Reimagining of the Self

Hollie Dugas


Poetry

12 February 2025

I want to embody the sea urchin,

uncannily, stroll elegantly across

sand on strange eyes – globular,

with no bones for breaking.

The savor of my body

unbeknownst to me.

Though lovers from all over

would twitterpate over my sweet

brinish flavor. 360 degrees

of seeing and I would never

know heart. I’d react to movement.

But movement only.

Besides, a mind never knows

what it wants. I’d regulate algae

instead – a job with no knowing.

There will be nothing metaphysical

flowing in and out of me. I’d be,

peculiar, contained of simpleness;

aphrodisia. And I would not fear

the nature of my own intensity,

shimmering like Aristotle’s lantern.

Non-sentient, now, I abandon

brain; keep five teeth and poison.

This is the moment I’ve been

waiting for: to exist in my freaky

little body, insular, sifting through

oblivion, innate with indifference.


Hollie Dugas lives in New Mexico.
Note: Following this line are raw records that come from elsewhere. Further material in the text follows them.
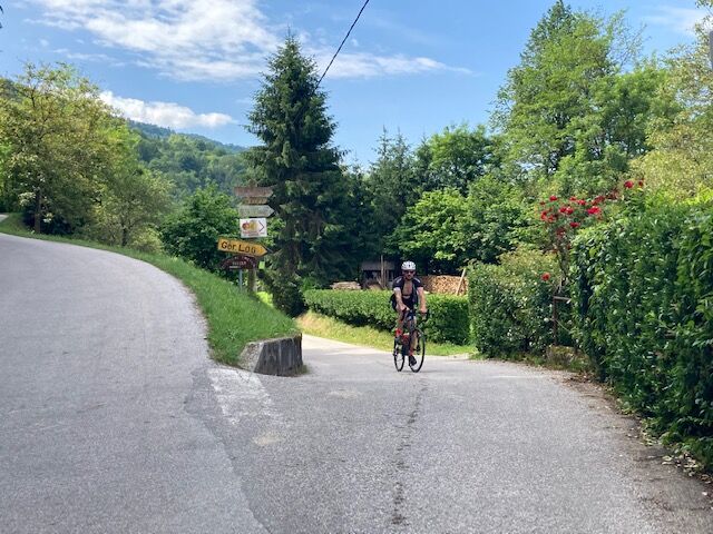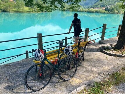 The cycling route follows narrow roads leading through villages on the left bank of the Soča River, where you should be alert for pedestrians and motor vehicles.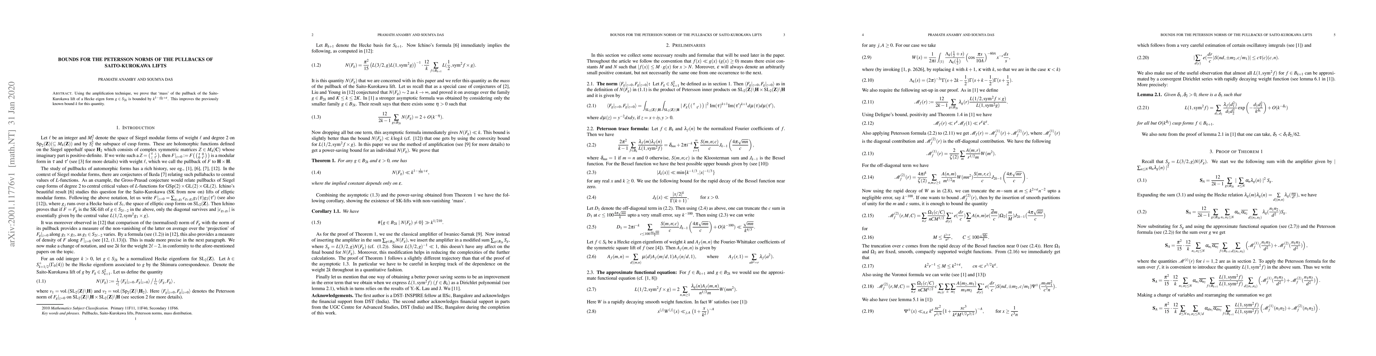 Using the amplification technique, we prove that `mass' of the pullback of the Saito-Kurokawa lift of a Hecke eigen form $g\in S_{2k}$ is bounded by $k^{1-\frac{1}{210}+\epsilon}$. This improves the previously known bound $k$ for this quantity.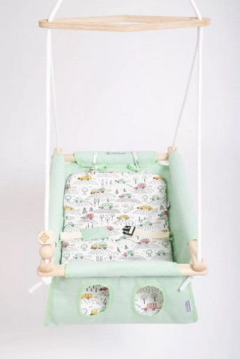 Biztonságos és örömteli hintázási élményét nyújt a babáknak, amelyben fekvő helyzetben pihenni, ülő helyzetben pedig játszani is tudnak.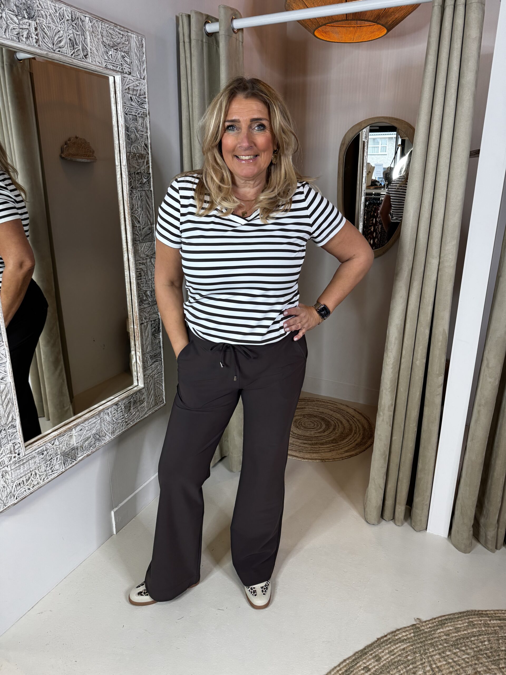 Mi Piace Travelstof Shirt 202080 Espresso/Off-White Stripe

Her work has been included in Barrow Street, Reed Magazine, Qu, Redivider, Porter House Review, Salamander, Poet Lore, Mud Season Review, The Louisville Review, The Penn Review, Breakwater Review, RHINO, Sixth Finch, Gordon Square Review, Phoebe, Broad River Review, and Louisiana Literature. Additionally, “A Woman’s Confession #5,162” was selected as the winner of Western Humanities Review Mountain West Writers’ Contest (2017). Hollie has been nominated for a Pushcart Prize and for inclusion in Best New Poets. Most recently, her poem was selected as winner of the 22nd Annual Lois Cranston Memorial Poetry Prize at CALYX, in addition to, the 2022 Heartwood Poetry Prize. She was also a finalist in the Atlanta Review’s 2022 International Poetry Contest.